Data Management for Big Data
Is big data really new or is it an evolution in the data management journey? It is actually both. As with other waves in data management, big data is built on top of the evolution of data management practices over the past five decades. What is new is that for the first time, the cost of computing cycles and storage has reached a tipping point. Why is this important?
Only a few years ago, organizations typically would compromise by storing snapshots or subsets of important information because the cost of storage and processing limitations prohibited them from storing everything they wanted to analyze.
In many situations, this compromise worked fine. For example, a manufacturing company might have collected machine data every two minutes to determine the health of systems. However, there could be situations where the snapshot would not contain information about a new type of defect and that might go unnoticed for months.
With big data, it is now possible to virtualize data so that it can be stored efficiently and, utilizing cloud-based storage, more cost-effectively as well. In addition, improvements in network speed and reliability have removed other physical limitations of being able to manage massive amounts of data at an acceptable pace.
Add to this the impact of changes in the price and sophistication of computer memory. With all these technology transitions, it is now possible to imagine ways that companies can leverage data that would have been inconceivable only five years ago.
But no technology transition happens in isolation; it happens when an important need exists that can be met by the availability and maturation of technology. Many of the technologies at the heart of big data, such as virtualization, parallel processing, distributed file systems, and in-memory databases, have been around for decades.
Advanced analytics have also been around for decades, although they have not always been practical. Other technologies such as Hadoop and MapReduce have been on the scene for only a few years. This combination of technology advances can now address significant business problems. Businesses want to be able to gain insights and actionable results from many different kinds of data at the right speed.
If companies can analyze petabytes of data (equivalent to 20 million four-drawer file cabinets filled with text files or 13.3 years of HDTV content) with acceptable performance to discern patterns and anomalies, businesses can begin to make sense of data in new ways. The move to big data is not just about businesses.

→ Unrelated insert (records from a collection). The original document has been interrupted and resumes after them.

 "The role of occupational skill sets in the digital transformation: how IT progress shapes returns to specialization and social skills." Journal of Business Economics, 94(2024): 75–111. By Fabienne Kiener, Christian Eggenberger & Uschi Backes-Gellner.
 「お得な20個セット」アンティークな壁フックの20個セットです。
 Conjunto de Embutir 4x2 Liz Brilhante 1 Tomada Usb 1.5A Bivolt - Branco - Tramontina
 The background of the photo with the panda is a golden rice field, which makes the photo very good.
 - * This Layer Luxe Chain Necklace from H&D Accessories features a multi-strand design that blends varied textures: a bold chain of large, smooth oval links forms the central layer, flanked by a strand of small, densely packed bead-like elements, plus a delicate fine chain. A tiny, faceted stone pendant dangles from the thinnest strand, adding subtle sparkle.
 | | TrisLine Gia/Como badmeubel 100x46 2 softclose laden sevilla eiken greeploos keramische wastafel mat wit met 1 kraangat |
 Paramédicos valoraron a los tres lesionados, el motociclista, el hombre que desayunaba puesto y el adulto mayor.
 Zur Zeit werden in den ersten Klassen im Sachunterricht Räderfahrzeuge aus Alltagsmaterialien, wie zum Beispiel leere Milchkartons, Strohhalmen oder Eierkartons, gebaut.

Science, research, and government activities have also helped to drive it forward. Just think about analyzing the human genome or dealing with all the astronomical data collected at observatories to advance our understanding of the world around us. Consider the amount of data the government collects in its antiterrorist activities as well, and you get the idea that big data is not just about business.
Different approaches to handling data exist. Data in motion would be used if a company is able to analyze the quality of its products during the manufacturing process to avoid costly errors. Data at rest would be used by a business analyst to better understand customers’ current buying patterns based on all aspects of the customer relationship, including sales, social media data, and customer service interactions.
Keep in mind that businesses are still at an early stage of leveraging huge volumes of data to gain a 360-degree view of the business and anticipate shifts and changes in customer expectations. The technologies required to get the answers the business needs are still isolated from each other.
Big data is not simply about one tool or one technology. It is about how all these technologies come together to give the right insights, at the right time, based on the right data — whether it is generated by people, machines, or the web.